Nous multipliions les activités ensemble, prétextes à ne rien se dire. Le mouvement, toujours le mouvement. Nous partions des journées entières dans le canot métallique en longeant la côte. Mon père aimait s’épuiser et il y consacrait une bonne partie de son temps libre. Le rivage avoisinant était construit de belles maisons plus prestigieuses que la nôtre. Des pelouses tondues de près descendaient doucement sur plusieurs hectares et leurs appontements hébergeaient de fiers voiliers à l’ancienne. Mon père aimait les regarder en passant mais aucune des maisons ne lui plaisait vraiment car toutes recelaient un désir de paraître « faute de parvenir simplement à être », considération qui résonne étrangement à la lueur de ce que j’ai découvert sur lui depuis. J’attendais qu’il me parle, parfois au point de ne plus oser engager la conversation. Son ailleurs me semblait démesuré, et il me gratifiait d’un sourire gêné quand il en revenait. Pour se faire pardonner, il me bousculait, me faisait parfois tomber, m’enserrait les épaules de son bras puissant, me frottait le dessus de la tête. Sa bienveillance à mon égard masquait un profond désintérêt pour ce que je faisais en dehors des moments que nous passions ensemble. Il suivait de très loin ma progression intellectuelle et ne se préoccupait jamais de mes résultats scolaires. Il me jugeait intelligent et équilibré, et c’était bien assez pour que tout le reste en découle.
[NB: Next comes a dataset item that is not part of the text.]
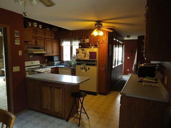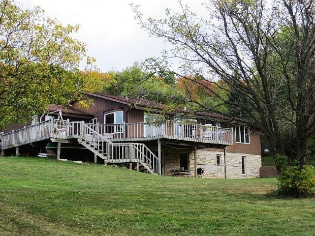 Nestled into the wooded hills of southern Rubicon is this nice contemporary ranch with beautiful views of the country side. Steel & Lannon stone exterior. Spacious great room with patio doors to a large deck. Country kitchen has ample cabinets and a dinette area. Main floor laundry. The lower level features a second kitchen, family room, bedroom & bath and is perfect for families requiring separate living space. Newer roof. Some flooring updates are necessary, but no other major renovation projects needed.
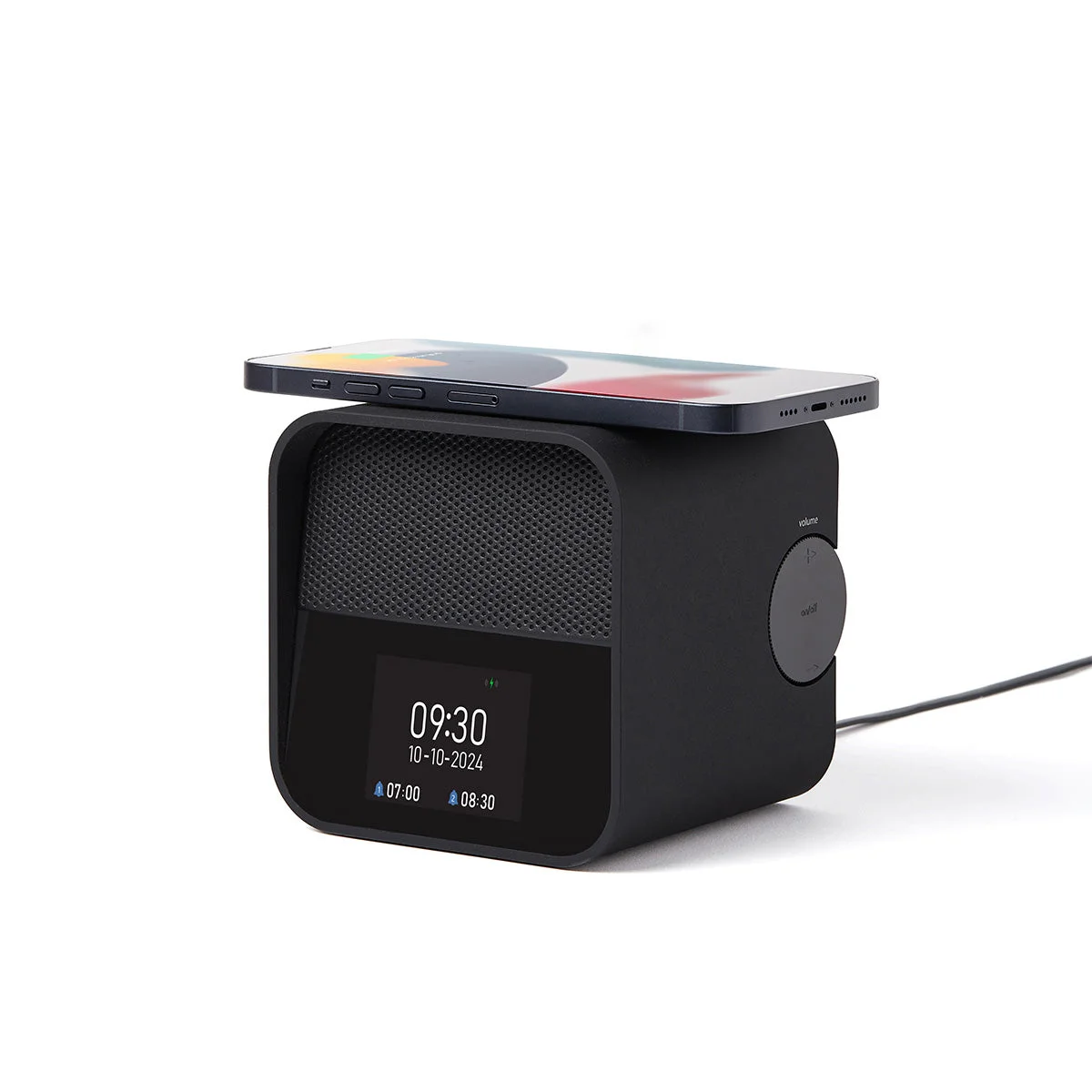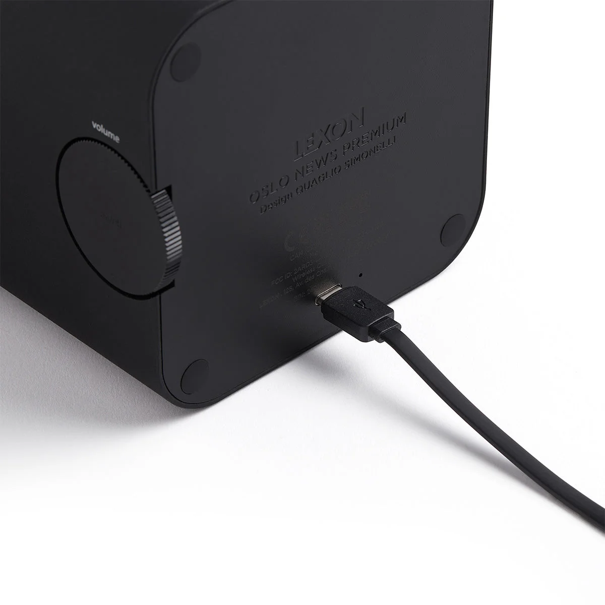 Lexon Oslo Dab Fm Alarm Clock Radio / Bluetooth Speaker / Wireless Charger - Black - Start your day with the Lexon Oslo News+, a versatile DAB FM radio and so much more! Oslo News+ combines multiple valuable features at once: radio, alarm clock, speaker and a built-in wireless charging QI pad on its top surface. Boasting an impressive sound quality, listen to your favourite station or stream your playlist via Bluetooth while charging your phone wirelessly. With Oslo News+ Qi technology, you can charge your smartphone conveniently during the day or at night. With its sleek and modern design, Oslo News+ is the perfect bedside companion.

Nous n’avons pas pénétré dans la maison principale, Lorna et moi, pas plus que dans l’autre. Elles s’étaient dégradées avec le temps. Après la disparition de ma grand-mère au début des années quatre-vingt, j’ai été tenté de vendre la propriété. J’ai rencontré trois ou quatre acheteurs, et à aucun je n’ai eu le cœur de cacher ce qui s’y était passé en 1967. Je les en informais d’une phrase que je lâchais au dernier moment quand je les sentais sur le point de se précipiter chez un notaire pour conclure la vente. Ces quelques mots suffisaient à les couper dans leur élan dont ils retombaient gênés, avant de trouver la formule qui allait leur permettre de se dédire sans me blesser. Un seul acheteur m’a écouté sans réagir. Il en a profité pour demander une baisse de prix conséquente que j’ai refusée.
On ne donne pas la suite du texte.